The opener “The Valley” is about Rung’s recent move to L.A. where he does film scoring, hence it’s cinematic sheen. If you’ve ever been to the area, you know that many folks are reluctant to leave the city’s environs to cross over the hills into the San Fernando Valley where it is typically much hotter. The major film studios are located Fung resides there. So, the tune has multiple sections – upbeat and positive in Turner’s solo and a little cloudier and dark in Ragonese’s piano statement. Film also inspires “A Second Chance,” where the uplifting melody was inspired by dystopian movies and one this writer hasn’t seen that sounds intriguing, Alice In Borderland, where a meteorite hits the earth and everyone goes straight to limbo.
“A Drummerlude” is the first of the album’s two solo drum tracks, the second being the title track. Here Fung puts to use his many lessons with Peterson with an accent on the cymbals while in the latter he has Peterson in mind as well as Max Roach, Tony Williams, and Philly Joe Jones.

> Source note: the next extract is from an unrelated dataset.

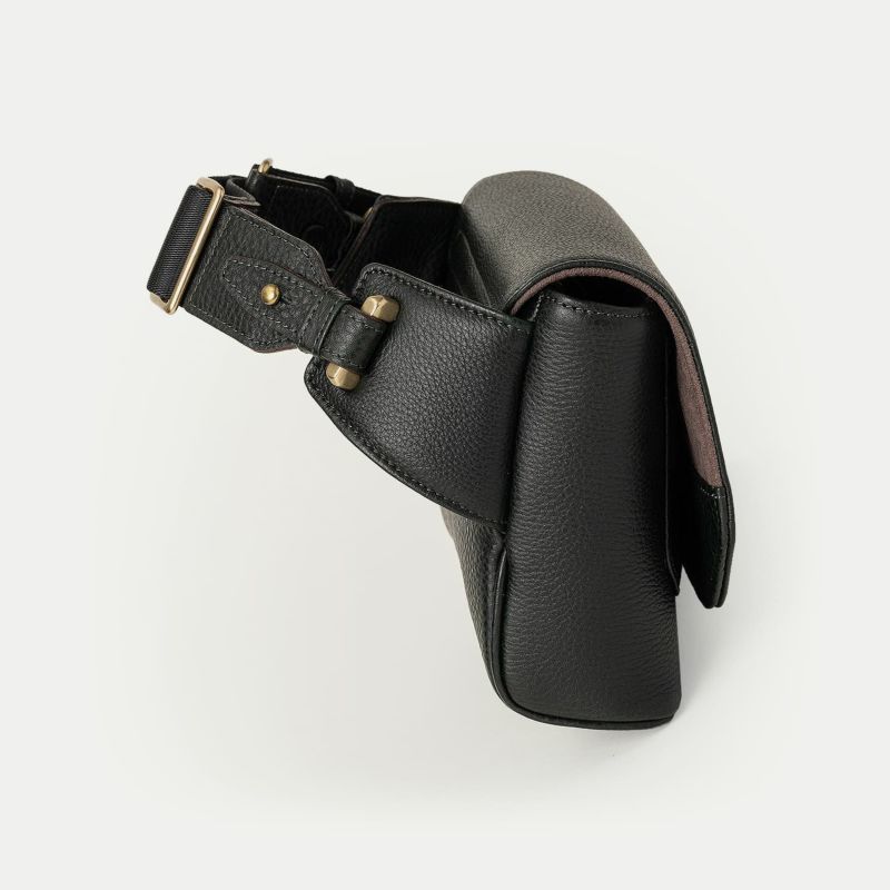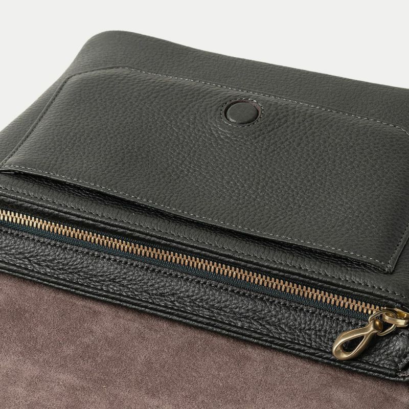 また、洗練されたデザインのアクセントにもなっているフラップは、マグネット式で簡単に開け閉めができるメリットを備えながらも、天ファスナーを設けることで開けた際に荷物の落下を防止する配慮も。さらに、装着時のコーディネートにおいて重要なファクターになるショルダーベルトは、シルクのように上品で落ち着いた中空糸ナイロンテープを採用することで、エレガントなコートやジャケットにも合わせられるなど、軽量な機能性とともに、その見た目にもこだわっています。

“Utopia” resembles “A Second Chance” but is more spacious, a vehicle for Turner to demonstrate his soaring mastery of the upper registers of his horn. Ragonese jumps in with an authoritative statement that he builds dramatically but never quite resolves, reflective of many intangible ideas and concepts we might associate with such a place. In the ballad “The Upside Down,” Turner’s emotive, lamenting melody offers a nice contrast to his previous expressions. Agan Fung sources from television and film, in this case the TV show Stranger Things, in which the Upside Down is a shadowy alternate reality, ridden with vicious monsters and positioned in mysteriously parallel relation to the normal world. The pianist is more deliberate in this one, carefully choosing the color palette Fung is aiming for.

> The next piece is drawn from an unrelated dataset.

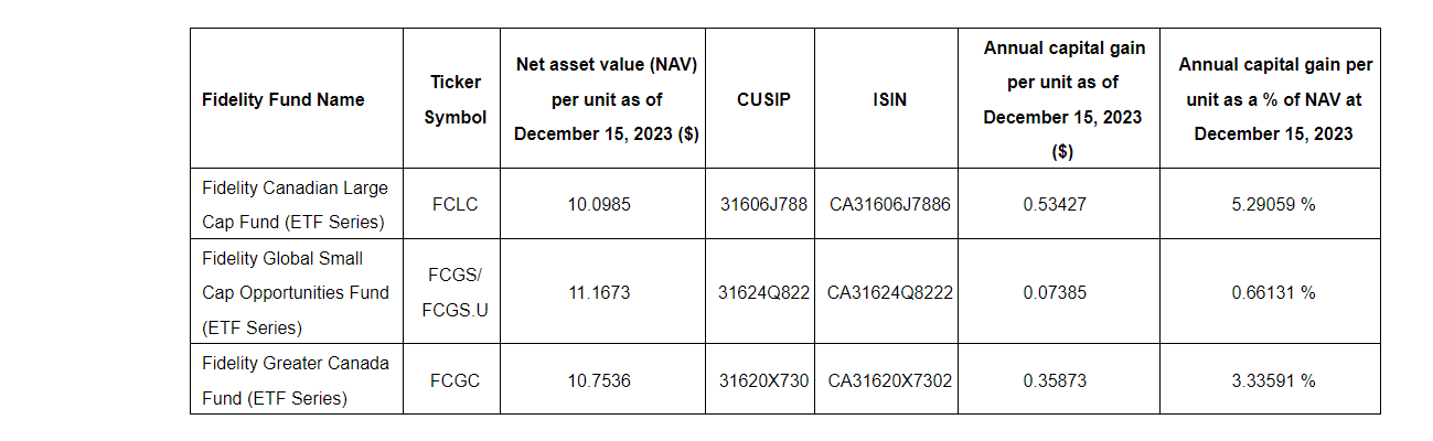 FIDELITY INVESTMENTS CANADA ULC ANNOUNCES FINAL 2023 ANNUAL REINVESTED CAPITAL GAINS DISTRIBUTIONS FOR FIDELITY ETFS AND ETF SERIES OF FIDELITY MUTUAL FUNDS

“Fo(u)rth” segues seamlessly into the lone cover, Monk’s “Boo Boo’s Birthday,” the final piece with Turner, who explores every nook and cranny of his horn, shifting between breakneck tempo and lilting sequences. Monk wrote the tune for Art Blakey, Peterson’s major mentor so again Peterson’s spirit is very much present. Interestingly, given that Monk was a pianist, the tune is rendered without that instrument as Ragonese sits it out. As such, it brings into clearer focus the tight synchronicity of Fung and Alemanno. The closer, “Hero’s Song” is also a trio piece with Ragonese back on the ivories. Given its somber tones and lack of improvised solos, positioning this at the end of the album was the only wise choice. The melody is a bit brighter than most elegiac tunes, and, in fact, Fung was going more for a lullaby vibe in commemorating his father who passed when the drummer was just four years old.
This is rich, colorful, and at times transportive music that attests to Fung’s compositional strengths.